Character level models can learn non-trivial syntax

Back in 2015, Andrej Karpathy published The Unreasonable Effectiveness of Recurrent Neural Networks in which he trained a recurrent neural network to write almost sensible C code. Here is an example (copy pasted from his post)

/*
 * Increment the size file of the new incorrect UI_FILTER group information
 * of the size generatively.
 */
static int indicate_policy(void)
{
  int error;
  if (fd == MARN_EPT) {
    /*
     * The kernel blank will coeld it to userspace.
     */
    if (ss->segment < mem_total)
      unblock_graph_and_set_blocked();
    else
      ret = 1;
    goto bail;
  }
  segaddr = in_SB(in.addr);
  selector = seg / 16;
  setup_works = true;
  for (i = 0; i < blocks; i++) {
    seq = buf[i++];
    bpf = bd->bd.next + i * search;
    if (fd) {
      current = blocked;
    }
  }
  rw->name = "Getjbbregs";
  bprm_self_clearl(&iv->version);
  regs->new = blocks[(BPF_STATS << info->historidac)] | PFMR_CLOBATHINC_SECONDS << 12;
  return segtable;
}

Yoav Goldberg wrote a follow up to Karpathy's blog and said

Impressive stuff, huh? How could the network learn to imitate the input like that? Indeed. I was quite impressed as well. However, it feels to me that most readers of the post are impressed by the wrong reasons. This is because they are not familiar with unsmoothed maximum-likelihood character level language models and their unreasonable effectiveness at generating rather convincing natural language outputs. ... Generating English a character at a time -- not so impressive in my view. The RNN needs to learn the previous nn letters, for a rather small nn, and that's it.

However, the code-generation example is very impressive. Why? because of the context awareness. Note that in all of the posted examples, the code is well indented, the braces and brackets are correctly nested, and even the comments start and end correctly. This is not something that can be achieved by simply looking at the previous nn letters.

In that sense, Karpathy demonstrated that we can reasonably expect a character level model to pick up on "deep" structures of language and leverage them. Karpathy trained a language model, which by itself is not particularly useful, but we'll come back to why we think this illustrates the compelling power of character level models for applied NLP.

Character level models can "understand" sentiment

In 2017, OpenAI released a blog post and paper where they trained a character level language model on Amazon reviews and discovered that the model learned to pick up on sentiment, by itself. OpenAI Neural Sentiment Some of the details of the experiment make it sound a bit impractical

We first trained a multiplicative LSTM with 4,096 units on a corpus of 82 million Amazon reviews to predict the next character in a chunk of text. Training took one month across four NVIDIA Pascal GPUs, with our model processing 12,500 characters per second.

Still, the paper illustrates that character level models can capture the semantic properties of text, essentially from first principles.

Character level models can translate

Deepmind's Neural Machine Translation in Linear Time and Lee et al Fully Character-Level Neural Machine Translation without Explicit Segmentation both demonstrated translation done at the character level. These are particularly compelling results as the task of translation very strongly captures the semantic understanding of the underlying text.

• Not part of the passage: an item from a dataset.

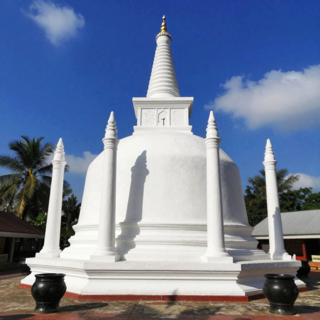 This is a colorful photograph of a bright white Buddhist stupa with a tall, pointed dome and four tall, cylindrical columns in front. The stupa is illuminated by sunlight, casting shadows on the ground. In the background, there's a clear blue sky with a few clouds, and a few palm trees are visible. The foreground has two black, ornate pots. The image has a slightly blurry effect.

Overcoming common problems with a char model
Model resiliency from Lee's paper

Deepmind's paper is doubly interesting as their model uses convolutions instead of the common RNN/LSTM. In practical terms, this makes training much faster allowing iteration and exploration without the need for a large compute budget or TPU cluster.

The advantages of working at the character level

Having a sense that character level models work, we should consider what advantages they bring to the table and why we might want to use them. We encounter the choice between characters and words in two places, at the model's input and the model's output. On the input side, we get a much more permissive vocabulary and pay with longer sequences (more compute) and reduced semantic information. On the output side, we stand to gain a significant improvement in compute performance, which we'll elaborate on in a moment.

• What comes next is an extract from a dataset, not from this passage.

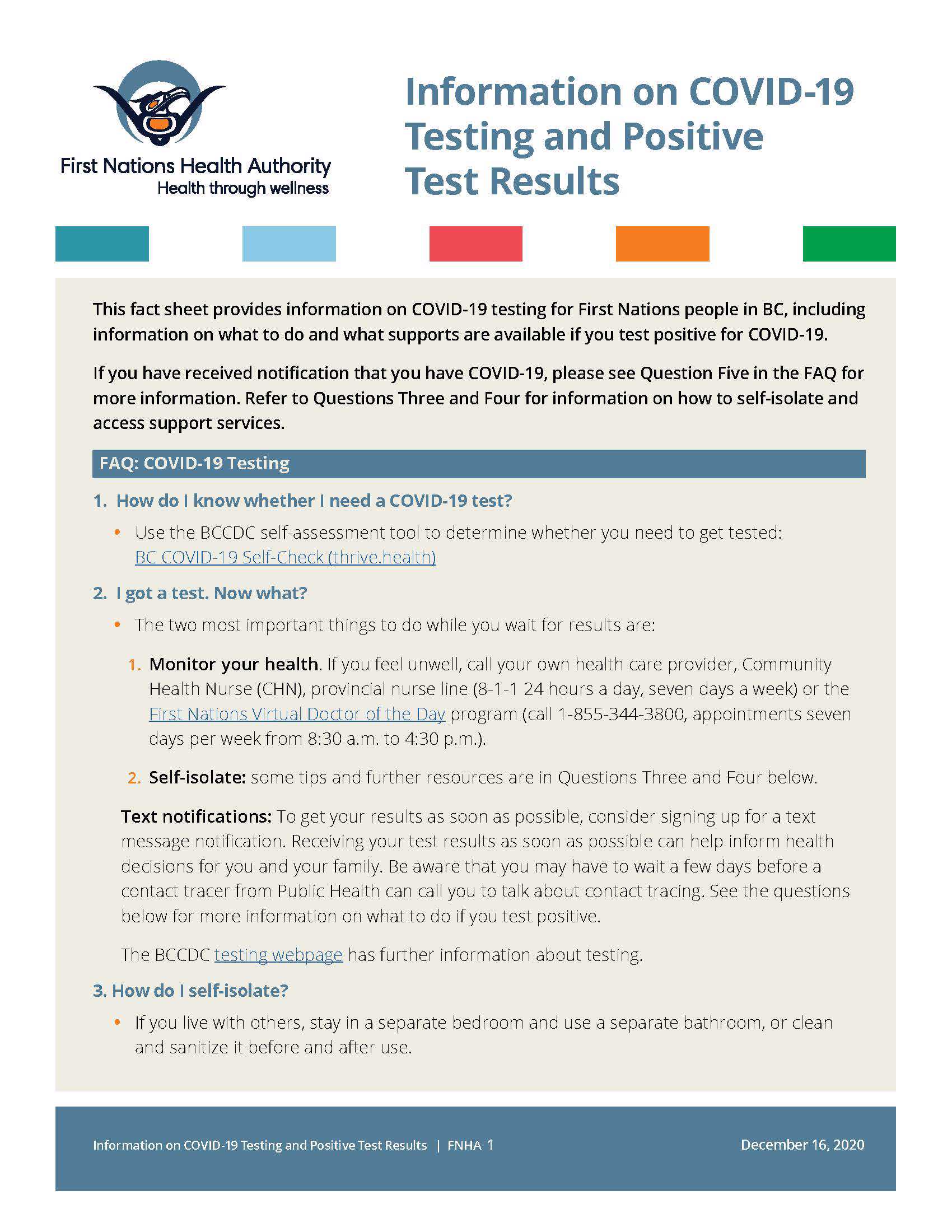 - FNHA - Information on COVID-19 Testing and Positive Test Results

Character level models allow for an open vocabulary

Consider the following sentence from the maintenance log of a deep sea oil rig (yes they have logs)

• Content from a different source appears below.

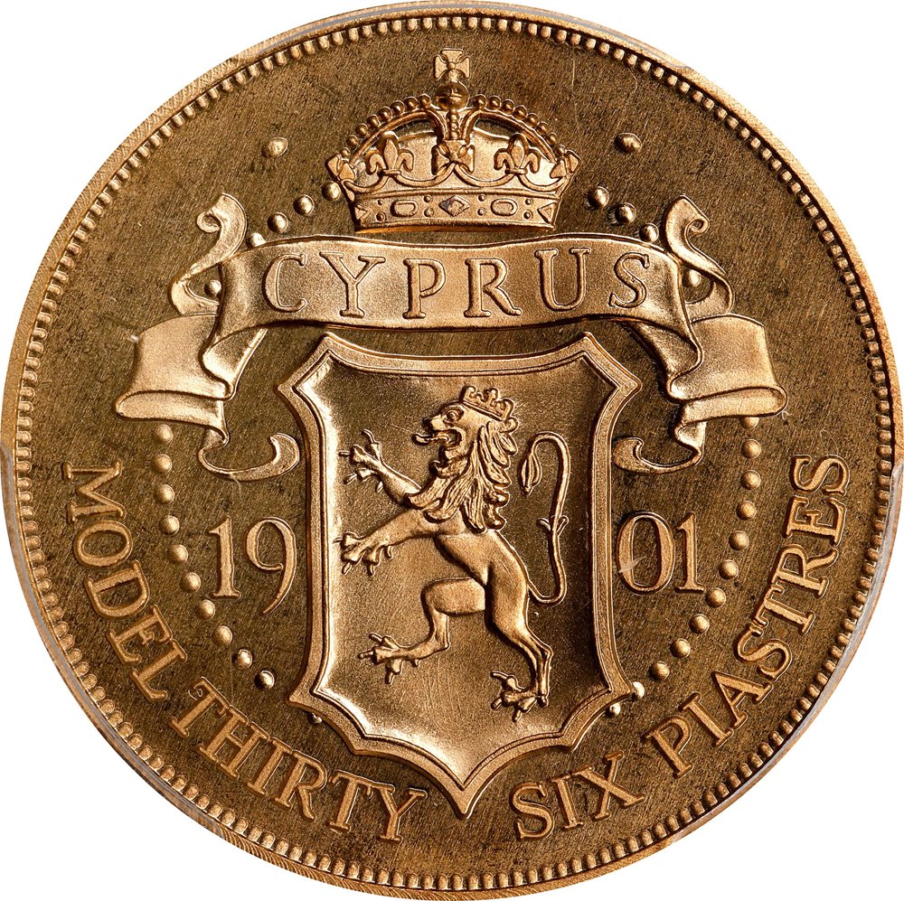- CYPRUS. Bronze Fantasy 36 Piastres, 1901. Victoria. PCGS PROOF-68 Cameo.

Set 10 3/4" csg slips w/ 50K LBS.

Does it say "Set ten three-quarter inch ..." or "Set ten three-quarter inch ..."

The s suffix on slips gives us a strong clue that 10 quantifies the 3/4" slip and that the second reading is correct. One could expect a word level model to figure this out easily, however, we'd need to ask ourselves, what tokens exactly will our model see?

Because when we work at the word level, we have to choose a vocabulary up front, that is- the list of words our model can handle is fixed, and all others are mapped to UNK. A lenient model usually has the 10-30K most frequent words in its vocabulary.

Word vectors trained on GoogleNews don't contain the tokens 10, 3/4", csv w/, or 50K.

Further, the nearest words to slips are slip, fall etc - indicating that the model things slip is a verb and slips is an inflection of the verb. In other words, our model would see the sentence

Set 10 3/4" csg slips w/ 50K LBS. as Set UNK UNK UNK falls UNK UNK Location_Based

If we were trying to use NLP to understand what is happening on our drilling wells, using word vectors (naively) would get us nowhere fast. Character level models, on the other hand, are effectively unrestricted in their vocabulary and would see the input "as-is". Recalling Goldberg's comment about context, it's not hard to imagine that a character level model would be able to make the connection between that pluralizing s suffix and the 10 to "understand" that the 10 is a quantifier.

This advantage isn't limited to oil well analytics. It's common to apply NLP to user-generated text, which is rich with spelling mistakes, emojis, abbreviations, slang and domain specif jargon, and grammar. On top of that, language evolves new words and symbols are added constantly. While character level models don't solve all of the problems of human text, they do set up our models to be able to process such text in a more robust way.

Which brings us to the advantages in output

Character level models remove the bottleneck in training tasks

The more common problems in applied NLP /Text Mining are finding and disambiguating entities in the text, like the 10 above. That is, we don't often need to generate text. However, it's been well established that cotraining or pretraining our models on a language modeling task help by 1) facilitating generalization 2) reducing the number of labels needed for a given validation accuracy.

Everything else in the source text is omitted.